Intracellular Biomacromolecular Delivery

Efficient intracellular delivery of proteins remains one of the most significant unmet challenges in therapeutic development. Proteins possess unparalleled specificity and functional diversity, enabling mechanisms of action that are inaccessible to small molecules. However, their clinical translation is severely limited by poor cellular entry, endosomal sequestration, and loss of biological activity during delivery. Existing carrier systems often rely on strong electrostatic complexation or membrane disruption, which can compromise protein structure, induce cytotoxicity, and exhibit limited generality across protein classes and cell types. As a result, most protein therapeutics remain restricted to extracellular targets, leaving a vast intracellular therapeutic space largely untapped.

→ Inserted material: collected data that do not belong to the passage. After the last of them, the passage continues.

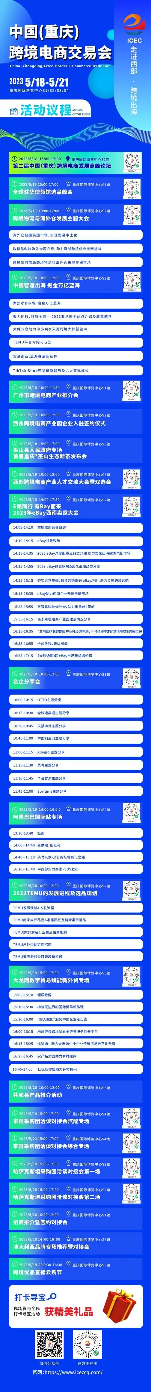 展会概况:2023年中国(重庆)跨境电商交易会是西洽会中由中国商务部外贸发展局、重庆市商务委员会共同主办的专业性展会,本次ICEC中国(重庆)跨境电商交易会是西部地区规模最大、汇聚了西部全产业带、涵盖全产业链的专业跨境电商交易会。届时有1000+品牌亮相展会现场,将吸引国内采购团及卖家,国外20多个国家驻华商领事馆买家团亲临现场采购,将邀请200+领军人物聚焦跨境产业转型发展机遇、共同推动产业的多维度发展。现场将举行国家级跨境电商论坛和多样主题专场,打造中国跨境电商行业盛会。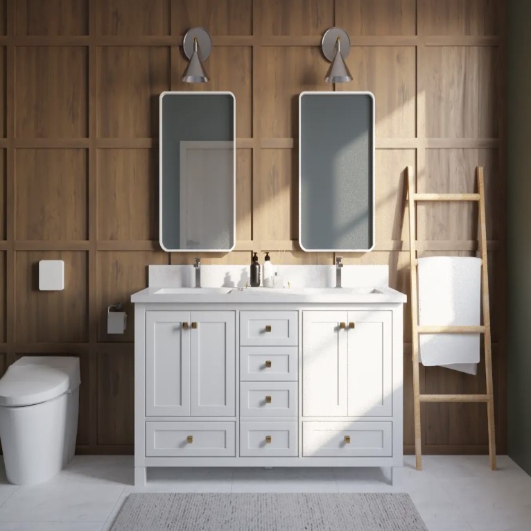 Absolutely. You have full control over the cabinet style, wood species, paint or stain color, and hardware. We also offer internal customizations like integrated power outlets for hair dryers, tiered drawer organizers, and pull-out laundry hampers.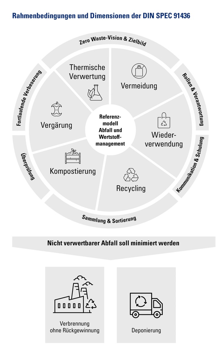 Ziel des nachhaltigen Abfallmanagements gemäß der DIN SPEC 91436 ist es, Reststoffe zu minimieren, nicht vermeidbare Abfälle bestmöglich zu verwerten und den Reifegrad des Abfall- und Wertstoffmanagements zu messen. Die neue Industrienorm geht in ihrem Umfang über das gesetzliche Mindestmaß hinaus und verfolgt mit Blick auf das Thema Nachhaltigkeit einen ganzheitlichen Ansatz, um die Restabfallquote kontinuierlich zu reduzieren - ganz im Sinne der Umwelt. Erarbeitet wurde die Norm von einem Konsortium von Vertretern aus NGOs, Wissenschaft und Wirtschaft, an dem sich auch TÜV SÜD Management Service beteiligte.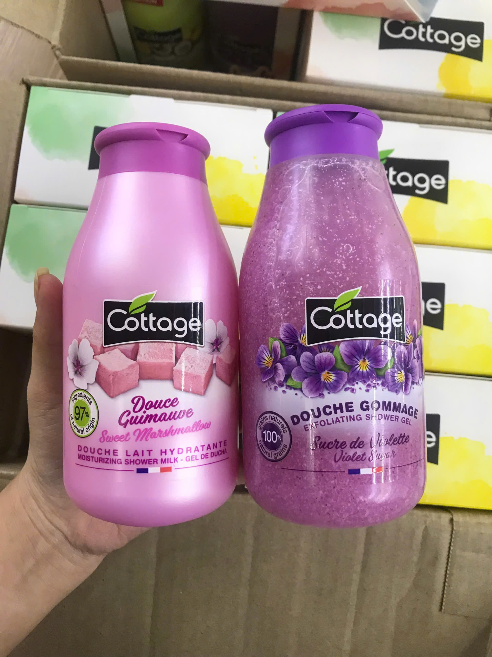 Cottage Set 2 chai sữa tắm kèm tẩy tế bào chết Pháp 250ml + 270ml là sản phẩm thuộc thương hiệu Cottage danh tiếng của Pháp, được thiết kế dành riêng cho những ai yêu thích sự tinh tế và sang trọng trong trải nghiệm tắm gội.   Đặc điểm nổi bật: – Công thức độc đáo: Kết hợp hài hòa giữa các thành phần dưỡng chất quý giá từ thiên nhiên cùng công nghệ hiện đại, Cottage Set mang đến hiệu quả làm sạch da vượt trội, đồng thời nuôi dưỡng da mềm mại, mịn màng từ sâu bên trong. – Hương thơm quyến rũ: Lấy cảm hứng từ những loài hoa cỏ quý hiếm tại Pháp, Cottage Set sở hữu đa dạng các mùi hương tinh tế, nhẹ nhàng, lưu giữ dài lâu trên cơ thể, mang đến cho bạn những giây phút thư giãn tuyệt vời sau mỗi lần sử dụng. – Thiết kế sang trọng: Sản phẩm được thiết kế với chai dạng pump tiện lợi, cùng dung tích 250ml cho sữa tắm và 270ml cho tẩy tế bào chết, đáp ứng nhu cầu sử dụng trong thời gian dài .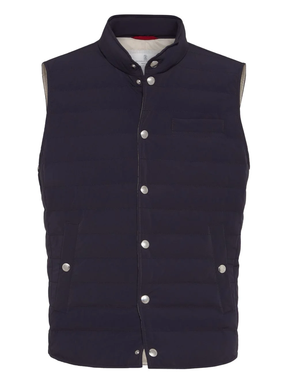 quilted snap-fastening gilet Highlights - Navy blue - Quilted design - Snap fastening - High neck - Side pockets - Sleeveless Made in Italy Composition Nylon 87%, Elastane 13% Washing instructions Specialist Cleaning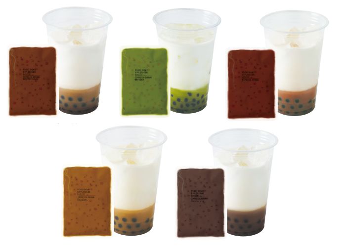 黒糖、抹茶、紅茶、キャラメル、チョコレートの5種類。タピオカに牛乳を注ぐと2層のタピオカドリンクが提供できます。

Our research addresses these limitations through the development of novel functional-group–driven delivery systems that enable efficient cellular entry while preserving protein function. We focus on the design and implementation of phenyl carbamoylated guanidine (PhCG) as a modular functional group that promotes intracellular access without relying on highly cationic or disruptive mechanisms.

PhCG is uniquely suited for intracellular protein delivery due to the following key characteristics:

• Charge neutrality at physiological pH, reducing nonspecific electrostatic interactions and cytotoxicity
• Coplanar molecular geometry, enabling directional hydrogen bonding and favorable membrane interactions
• Balanced hydrophobic–hydrogen bonding character, facilitating membrane association without permanent disruption

To elucidate how polymer architecture influences intracellular delivery efficiency, we systematically integrate PhCG into chemically distinct polymer backbones, including polynorbornene, conjugated polymers, and ε-polylysine. This comparative framework allows us to decouple the roles of functional-group chemistry and polymer scaffold in governing protein complexation, cellular entry pathways, and intracellular fate, ultimately establishing structure–function relationships that guide the rational design of next-generation intracellular protein delivery systems.